Tensions au Moyen-Orient: la crainte de l’escalade
Les communautés chiites de nombreux pays arabes ne décoléraient pas hier, après l’exécution d’une figure de l’opposition en Arabie saoudite. En soirée, celle-ci a rompu ses relations avec l’Iran
Crise temporaire ou première étape vers un conflit ouvert ? C’est la question qui se posait, hier soir, alors que l’Arabie saoudite venait d’annoncer la rupture de ses relations diplomatiques avec l’Iran, dernier épisode en date d’un regain de tension entre les deux grandes puissances ennemies du Moyen-Orient, à la suite de l’exécution en Arabie saoudite du cheikh Nimr Baqer al-Nimr, figure chiite de la contestation contre le régime. Durant la journée, déjà, cet épisode avait continué à exacerber les relations entre chiites et sunnites dans plusieurs pays arabes et suscité l’inquiétude de l’ONU, des États-Unis et de l’Union européenne. En Iran, pays à 90 % chiite et grand rival de l’Arabie saoudite, qui est elle à majorité sunnite, des centaines de personnes en colère ont attaqué à coups de cocktails Molotov, dans la nuit de samedi à dimanche, l’ambassade d’Arabie saoudite à Téhéran. Le bâtiment, dans lequel les assaillants ont réussi à pénétrer, a été partiellement détruit par le feu. Dans le même temps, le consulat saoudien à Mashhad, dans le nord-est du pays, a également été attaqué. Le procureur de Téhéran a annoncé l’arrestation de 40 manifestants à Téhéran et de 4 personnes à Mashhad.
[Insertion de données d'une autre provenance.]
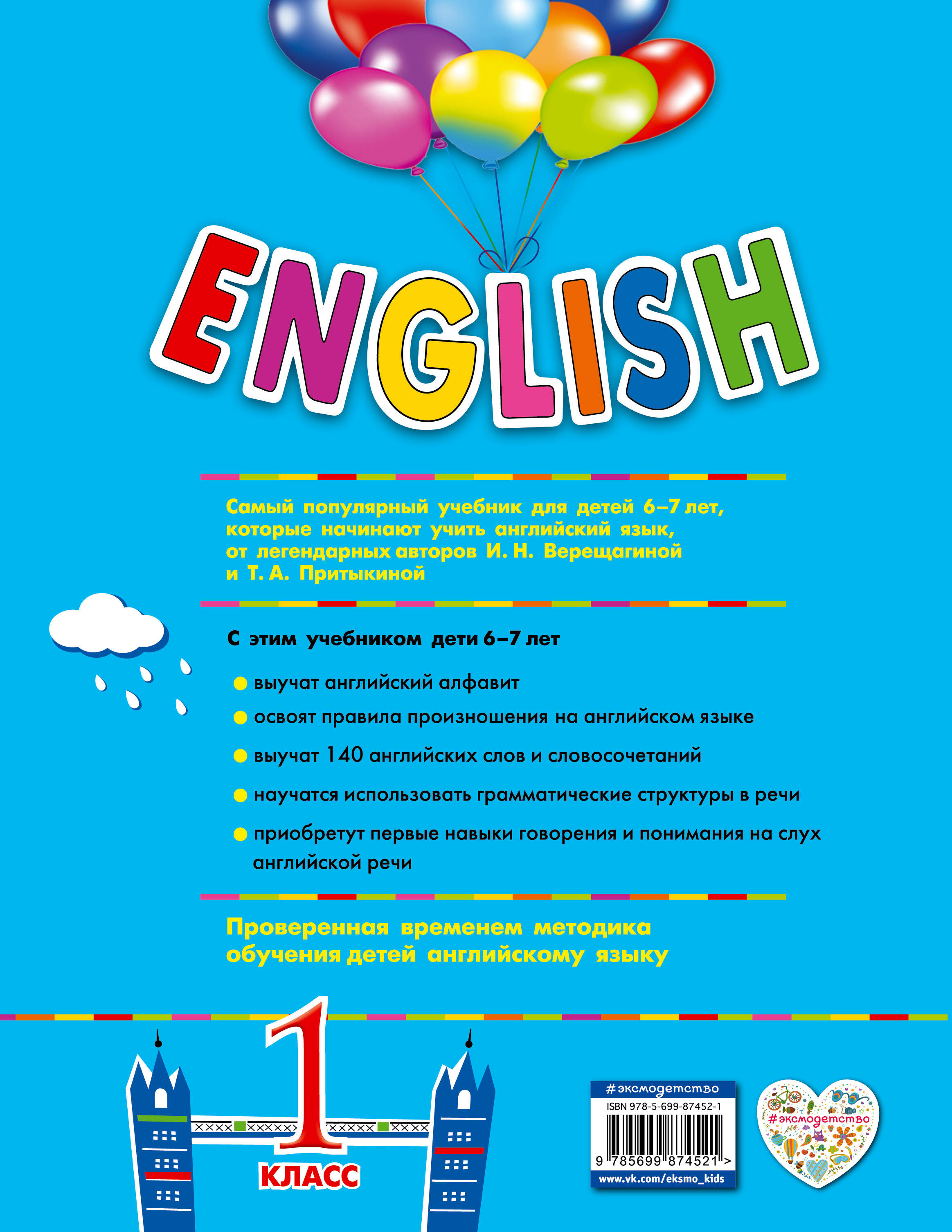 Учебник И.Н. Верещагиной и Т.А. Притыкиной для 1-го класса - это первый шаг к уверенному владению английским языком. Это устный курс английского, который поможет первоклассникам освоить базовые сведения об английской фонетике, лексике и грамматике. Он выстроен с учетом возрастных особенностей детей и поможет научить их говорить по-английски на близкие им темы. Аудиозапись начитана носителями языка, что поможет детям сразу поставить произношение и научиться воспринимать англоязычную речь на слух. Сделать обучение еще более интересным и эффективным помогут другие части учебно-методического комплекта - рабочая тетрадь с заданиями и методические рекомендации для взрослых.| Издательство | ООО "Издательство "Эксмо" |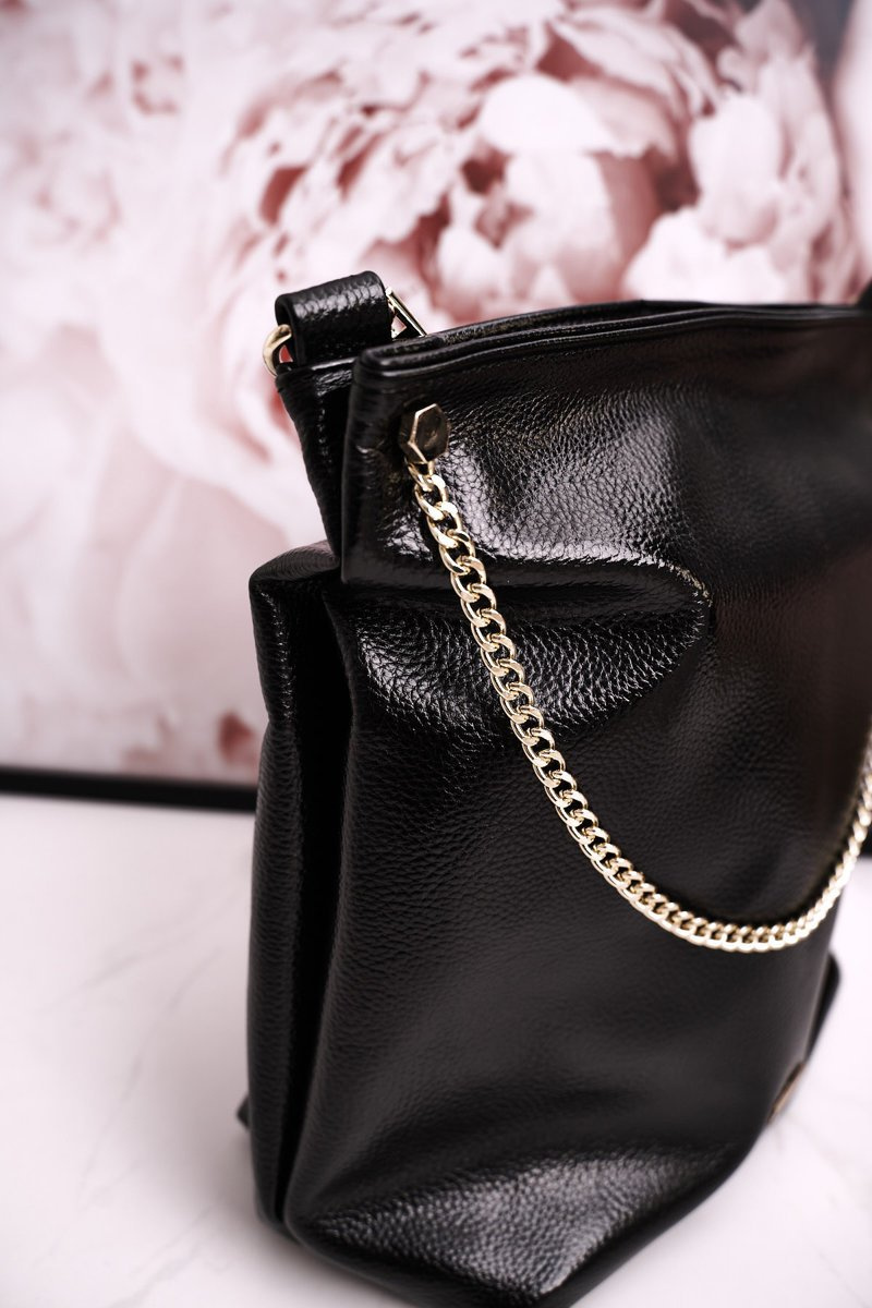 Torebka Damska Z Odpinanymi Paskami LAURA BIAGGI Lakierowana Czarna

« La main divine le vengera »
Tout en dénonçant l’exécution, le président Hassan Rohani a toutefois qualifié d’« injustifiables » ces attaques, et chargé la police diplomatique de protéger les représentations saoudiennes. De son côté, le guide suprême iranien, l’ayatollah Khamenei, a lancé hier un avertissement ressemblant à une menace à peine voilée: « Sans aucun doute, le sang de ce martyr versé injustement portera ses fruits et la main divine le vengera des dirigeants saoudiens. » Hier, un calme fragile était revenu dans la capitale iranienne, où plus d’un millier de personnes ont à nouveau défilé, mais sans incident majeur. Avant d’être dispersés par la police anti-émeutes, les manifestants ont crié « Mort à al-Saoud » et des drapeaux américains et israéliens ont été brûlés. Le royaume de Bahreïn a également été la cible de violentes manifestations. Hier, plusieurs blessés étaient à déplorer après des affrontements entre la police et des protestataires chiites, confession majoritaire dans ce pays dirigé par une dynastie sunnite.
Le Hezbollah qualifie l’Arabie de « terroriste »
Des chiites ont également manifesté en Arabie saoudite, au Yémen et en Irak, dans la ville sainte chiite de Kerbala. L’ayatollah Ali Sistani, plus haute autorité chiite de ce pays, a qualifié d’« agression » le « versement du sang pur » des exécutés. Tandis qu’au Liban, Hassan Nasrallah, chef du puissant mouvement chiite Hezbollah, allié de l’Iran, a condamné le « terrorisme » et le « despotisme » de l’Arabie saoudite. Autant de réactions qui laissent craindre le pire pour la stabilité de la région.